====== Given data

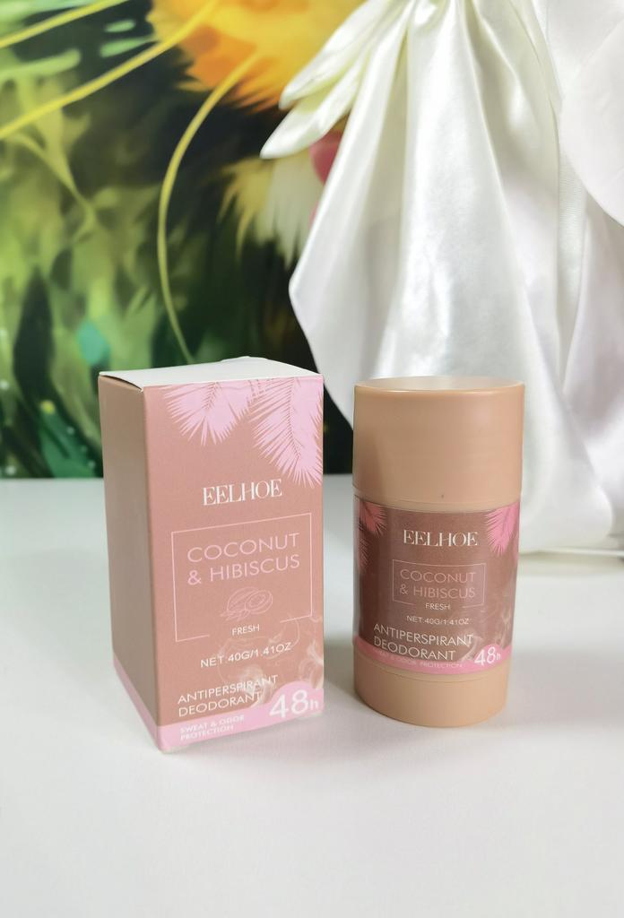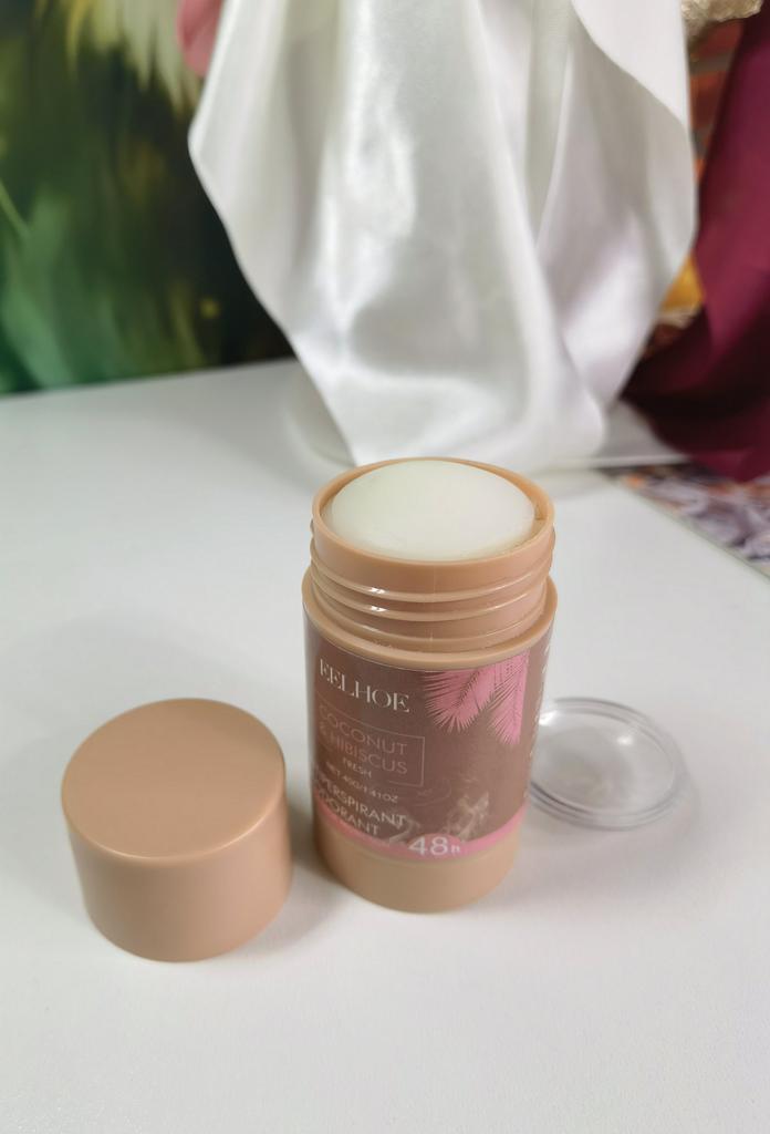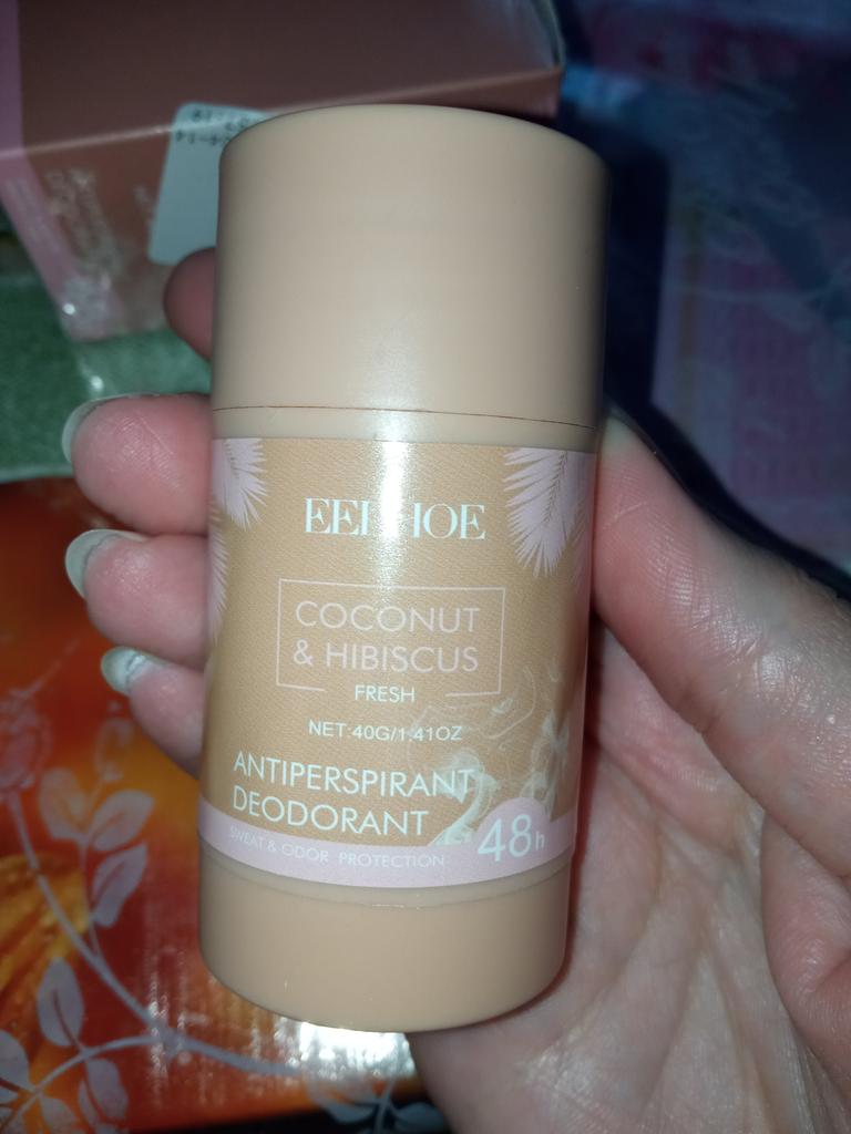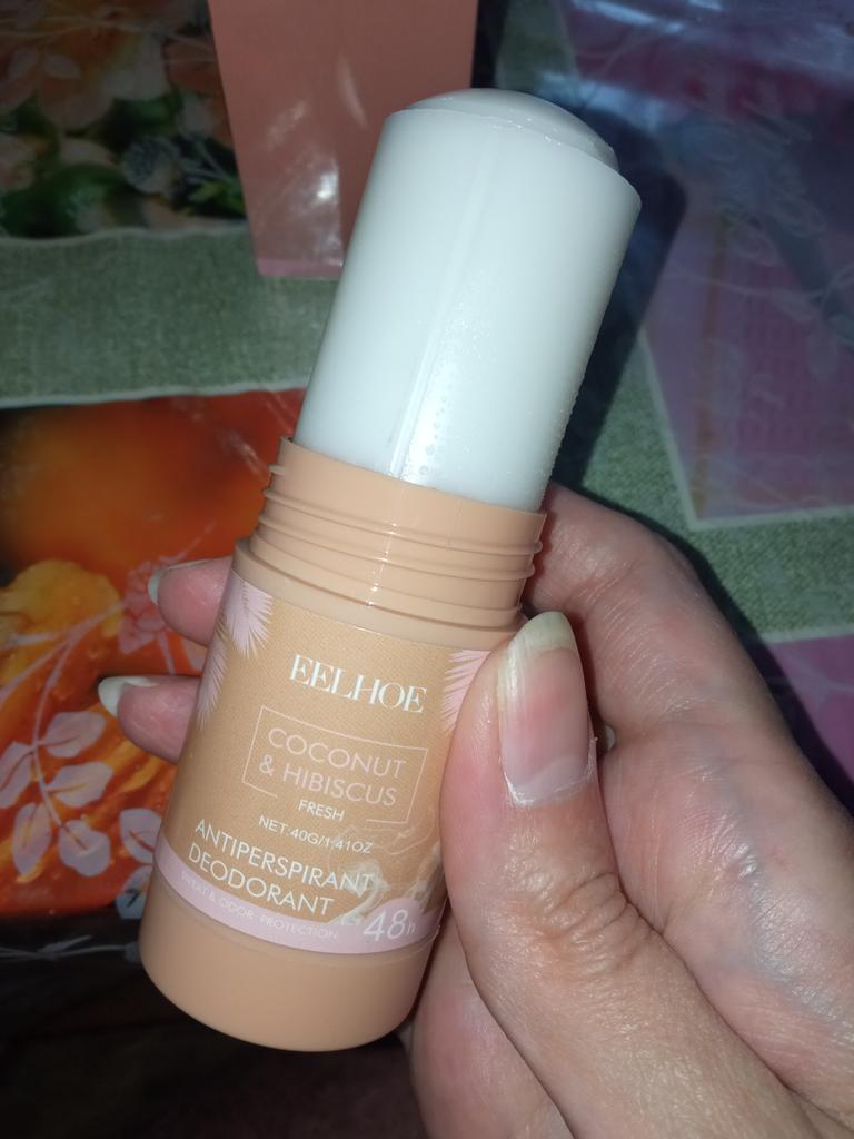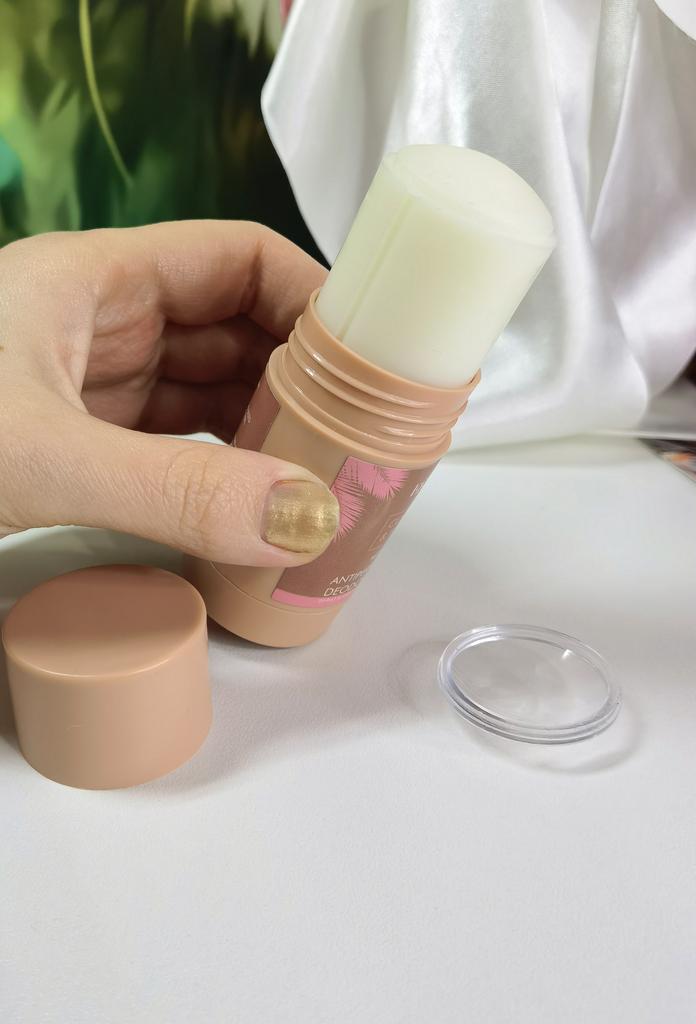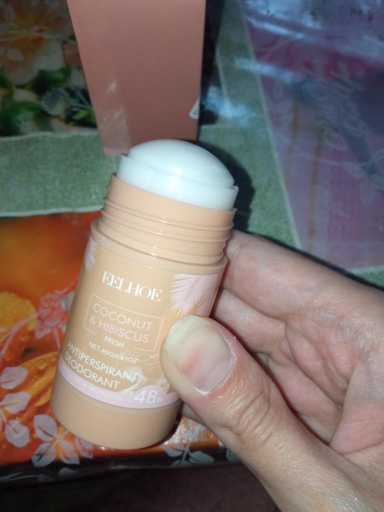 Solid deodorant antiperspirant with coconut scent 🥥 Well, very tasty aroma The pleasant smell lasts throughout the day The deodorant is easy to apply on dry skin. Convenient, compact
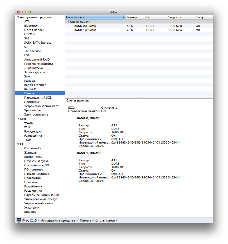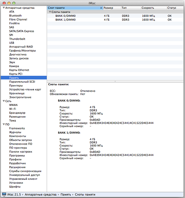 Старшие модели 21,5-дюймового iMac также комплектуются 8 ГБ памяти, однако в них используются два модуля по 4 ГБ памяти DDR3-1600 и опционально возможно увеличение объема памяти до 16 ГБ.
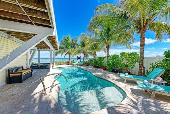 Located on the ground level and steps from your own private beach, you will love the sparkling pool and spa. There's something special about being in the water while overlooking the water. Hopefully, you'll be inspired to tell your own Dolphin Tale!

============

■ Your instructions
What is needed is the exact run of lines from the start of the data through the line with "Старшие модели 21,5-дюймового", both ends included, minus the pictures.

■ Completed task
 Solid deodorant antiperspirant with coconut scent 🥥 Well, very tasty aroma The pleasant smell lasts throughout the day The deodorant is easy to apply on dry skin. Convenient, compact
 Старшие модели 21,5-дюймового iMac также комплектуются 8 ГБ памяти, однако в них используются два модуля по 4 ГБ памяти DDR3-1600 и опционально возможно увеличение объема памяти до 16 ГБ.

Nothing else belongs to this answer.